Both steps, done separately or together unfortunately did not solve the issue.不幸的是,单独或一起完成的两个步骤都没有解决问题。 Keras is still running with the CPU version of tensorflow as its backend. Keras 仍然以 tensorflow 的 CPU 版本作为其后端运行。 However, I might have found the possible issue.但是,我可能已经找到了可能的问题。 I checked the version of my tensorflow via the following commands and found two of them.我通过以下命令检查了我的 tensorflow 的版本,并找到了其中的两个。

This is the CPU version这是CPU版本

root@08b5fff06800:~# pip show tensorflow
Name: tensorflow
Version: 1.3.0
Summary: TensorFlow helps the tensors flow
Home-page: http://tensorflow.org/
Author: Google Inc.
Author-email: opensource@google.com
License: Apache 2.0
Location: /usr/local/lib/python2.7/dist-packages
Requires: tensorflow-tensorboard, six, protobuf, mock, numpy, backports.weakref, wheel

And this is the GPU version这是 GPU 版本

root@08b5fff06800:~# pip show tensorflow-gpu
Name: tensorflow-gpu
Version: 0.12.1
Summary: TensorFlow helps the tensors flow
Home-page: http://tensorflow.org/
Author: Google Inc.
Author-email: opensource@google.com
License: Apache 2.0
Location: /usr/local/lib/python2.7/dist-packages
Requires: mock, numpy, protobuf, wheel, six

Interestingly, the output shows that keras is using tensorflow version 1.3.0 which is the CPU version and not 0.12.1, the GPU version有趣的是,输出显示 keras 使用的是 tensorflow 版本 1.3.0,它是 CPU 版本,而不是 0.12.1,即 GPU 版本

import keras
from keras.datasets import mnist
from keras.models import Sequential
from keras.layers import Dense, Dropout, Flatten
from keras.layers import Conv2D, MaxPooling2D
from keras import backend as K

import tensorflow as tf
print('Tensorflow: ', tf.__version__)

Output输出

root@08b5fff06800:~/sharedfolder# python test.py
Using TensorFlow backend.
Tensorflow:  1.3.0

I guess now I need to figure out how to have keras use the gpu version of tensorflow.我想现在我需要弄清楚如何让 keras 使用 tensorflow 的 GPU 版本。

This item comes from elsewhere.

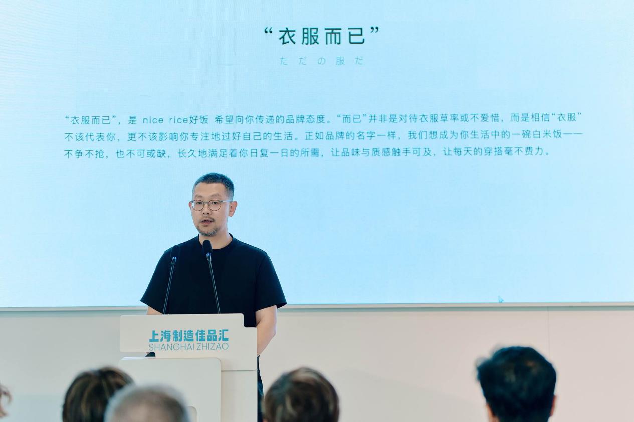 作为上海优秀的时尚生活方式类服装品牌“nice rice好饭”,也带来了“衣服而已”的极简生活哲学分享,引发年轻消费群体共鸣。公司总经理姜军生介绍称,上海淮海路旗舰店提出“屋檐下”理念,表达包容与庇护,用国家级非遗蛋壳漆工艺打造白条收银台,获得了日本天空设计奖2024金奖。

It is never a good idea to have both tensorflow and tensorflow-gpu packages installed side by side (the one single time it happened to me accidentally, Keras was using the CPU version).同时安装tensorflowtensorflow-gpu从来都不是一个好主意(有一次我不小心发生了这种情况,Keras 使用的是 CPU 版本)。

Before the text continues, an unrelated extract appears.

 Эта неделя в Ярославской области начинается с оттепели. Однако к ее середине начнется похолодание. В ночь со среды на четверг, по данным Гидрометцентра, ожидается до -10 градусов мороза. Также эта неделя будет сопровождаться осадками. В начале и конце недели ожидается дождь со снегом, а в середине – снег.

I guess now I need to figure out how to have keras use the gpu version of tensorflow.我想现在我需要弄清楚如何让 keras 使用 tensorflow 的 GPU 版本。

You should simply remove both packages from your system, and then re-install tensorflow-gpu [UPDATED after comment]:您应该简单地从系统中删除这两个软件包,然后重新安装tensorflow-gpu [评论后更新]:

pip uninstall tensorflow tensorflow-gpu
pip install tensorflow-gpu

Moreover, it is puzzling why you seem to use the floydhub/dl-docker:cpu container, while according to the instructions you should be using the floydhub/dl-docker:gpu one...此外,令人费解的是为什么您似乎使用floydhub/dl-docker:cpu容器,而根据说明您应该使用floydhub/dl-docker:gpu一个...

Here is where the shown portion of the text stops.